##### Records for this exercise
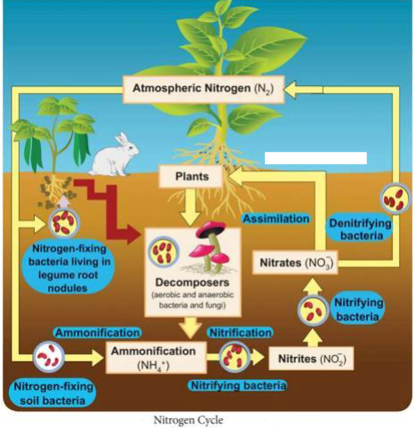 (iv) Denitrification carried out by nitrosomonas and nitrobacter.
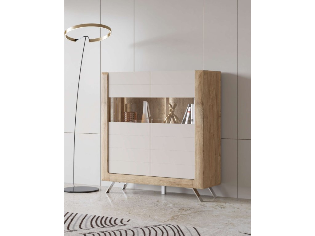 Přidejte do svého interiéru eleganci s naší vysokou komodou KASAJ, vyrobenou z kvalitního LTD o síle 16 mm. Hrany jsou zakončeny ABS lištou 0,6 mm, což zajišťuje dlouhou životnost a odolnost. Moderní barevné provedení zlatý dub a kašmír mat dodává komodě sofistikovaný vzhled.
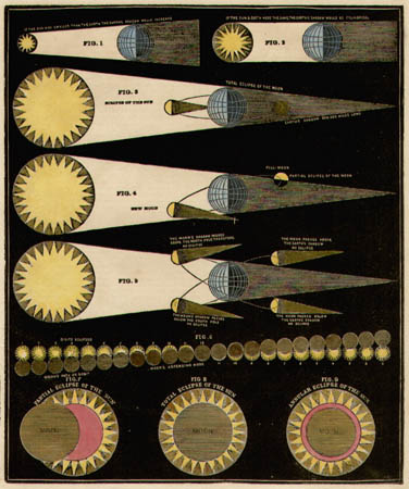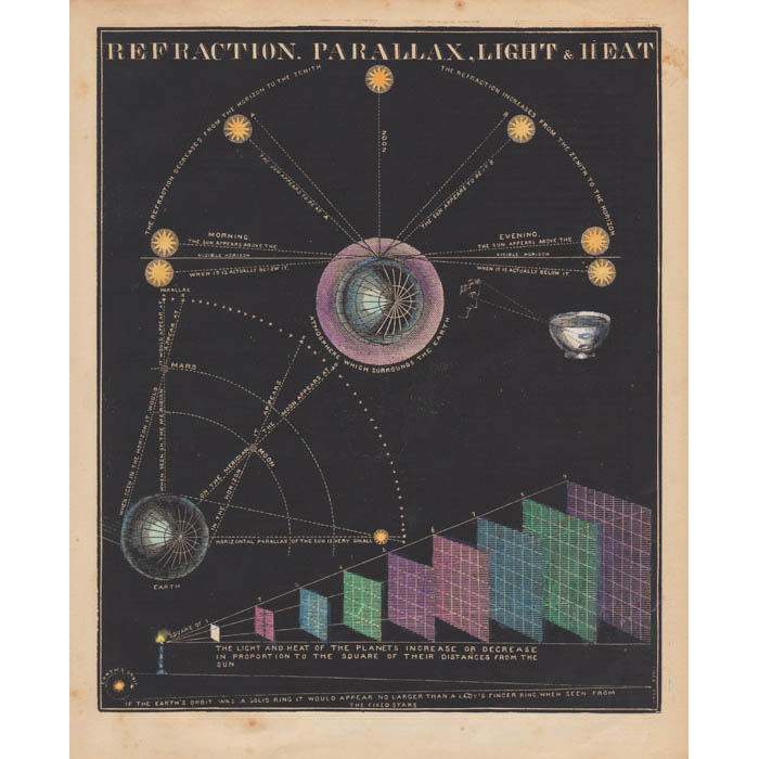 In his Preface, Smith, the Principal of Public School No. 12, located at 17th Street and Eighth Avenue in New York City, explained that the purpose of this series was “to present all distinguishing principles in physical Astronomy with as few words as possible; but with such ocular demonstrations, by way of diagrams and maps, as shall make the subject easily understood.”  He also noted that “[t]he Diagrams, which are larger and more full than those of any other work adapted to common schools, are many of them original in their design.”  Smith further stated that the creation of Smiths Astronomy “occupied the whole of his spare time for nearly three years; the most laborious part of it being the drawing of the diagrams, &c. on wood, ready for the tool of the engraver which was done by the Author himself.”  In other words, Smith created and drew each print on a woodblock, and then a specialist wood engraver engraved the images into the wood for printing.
##########
##### Records for this exercise
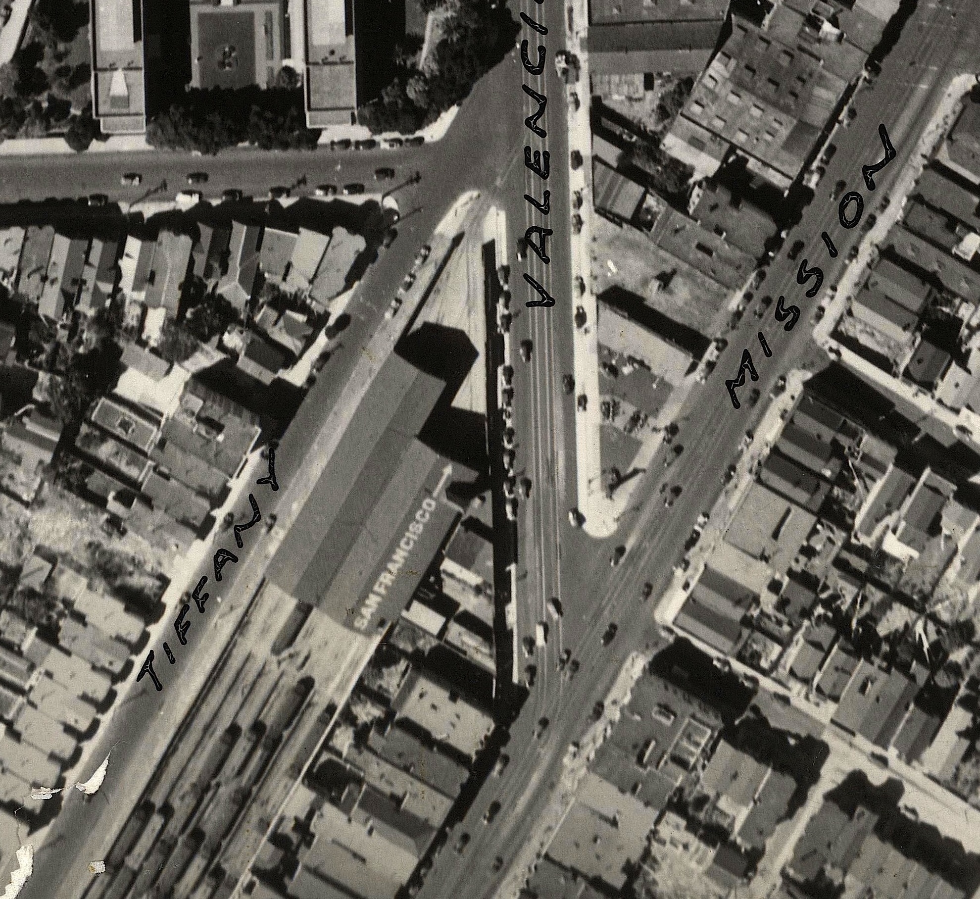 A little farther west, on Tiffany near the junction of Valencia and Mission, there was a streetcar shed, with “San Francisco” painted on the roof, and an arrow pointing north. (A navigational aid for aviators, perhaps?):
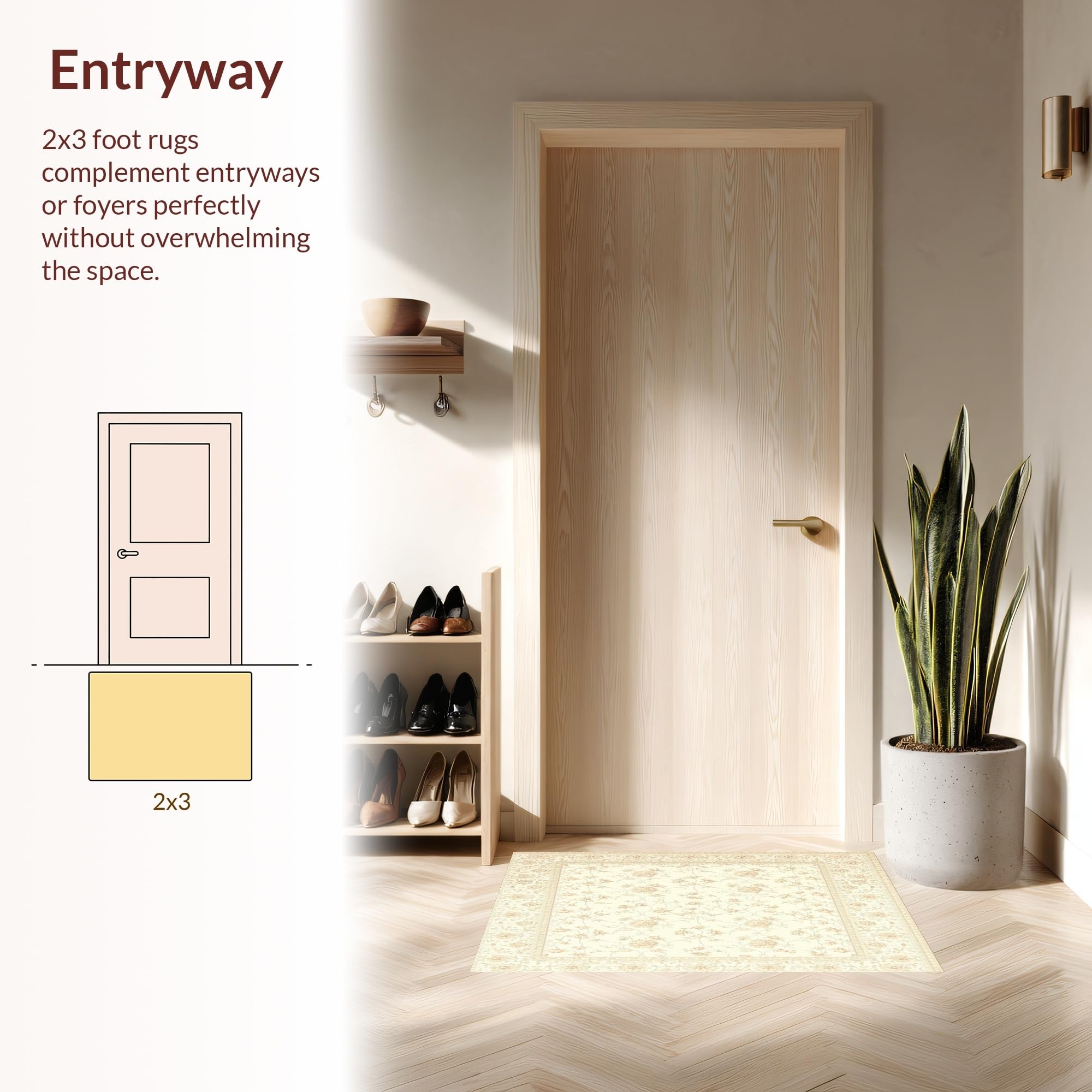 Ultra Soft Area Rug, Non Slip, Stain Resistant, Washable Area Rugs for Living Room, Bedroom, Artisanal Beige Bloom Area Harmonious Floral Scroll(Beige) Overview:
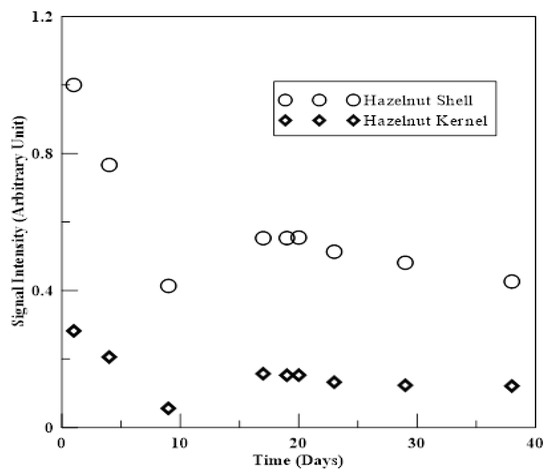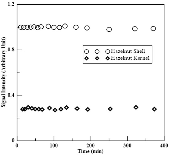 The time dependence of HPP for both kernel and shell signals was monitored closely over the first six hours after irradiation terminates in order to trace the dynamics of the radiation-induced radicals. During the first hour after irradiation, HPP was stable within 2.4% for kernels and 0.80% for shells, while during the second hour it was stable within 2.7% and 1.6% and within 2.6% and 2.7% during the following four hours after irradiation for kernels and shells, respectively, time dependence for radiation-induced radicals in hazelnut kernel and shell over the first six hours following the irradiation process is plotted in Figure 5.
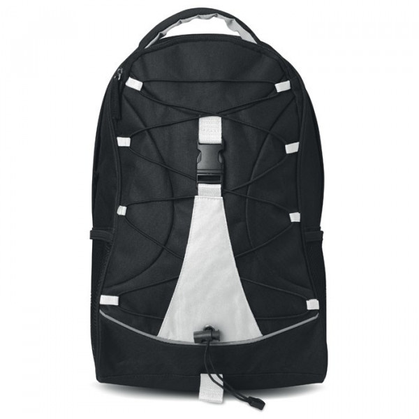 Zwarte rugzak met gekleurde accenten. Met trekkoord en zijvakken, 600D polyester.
##########
◆ What is expected: In the entries above, which lines run from the one with "(iv) Denitrification carried" up to and including the one with "In his Preface, Smith, the"? Write them out exactly, without the pictures.

◆ Task answer:
 (iv) Denitrification carried out by nitrosomonas and nitrobacter.
 Přidejte do svého interiéru eleganci s naší vysokou komodou KASAJ, vyrobenou z kvalitního LTD o síle 16 mm. Hrany jsou zakončeny ABS lištou 0,6 mm, což zajišťuje dlouhou životnost a odolnost. Moderní barevné provedení zlatý dub a kašmír mat dodává komodě sofistikovaný vzhled.
 In his Preface, Smith, the Principal of Public School No. 12, located at 17th Street and Eighth Avenue in New York City, explained that the purpose of this series was “to present all distinguishing principles in physical Astronomy with as few words as possible; but with such ocular demonstrations, by way of diagrams and maps, as shall make the subject easily understood.”  He also noted that “[t]he Diagrams, which are larger and more full than those of any other work adapted to common schools, are many of them original in their design.”  Smith further stated that the creation of Smiths Astronomy “occupied the whole of his spare time for nearly three years; the most laborious part of it being the drawing of the diagrams, &c. on wood, ready for the tool of the engraver which was done by the Author himself.”  In other words, Smith created and drew each print on a woodblock, and then a specialist wood engraver engraved the images into the wood for printing.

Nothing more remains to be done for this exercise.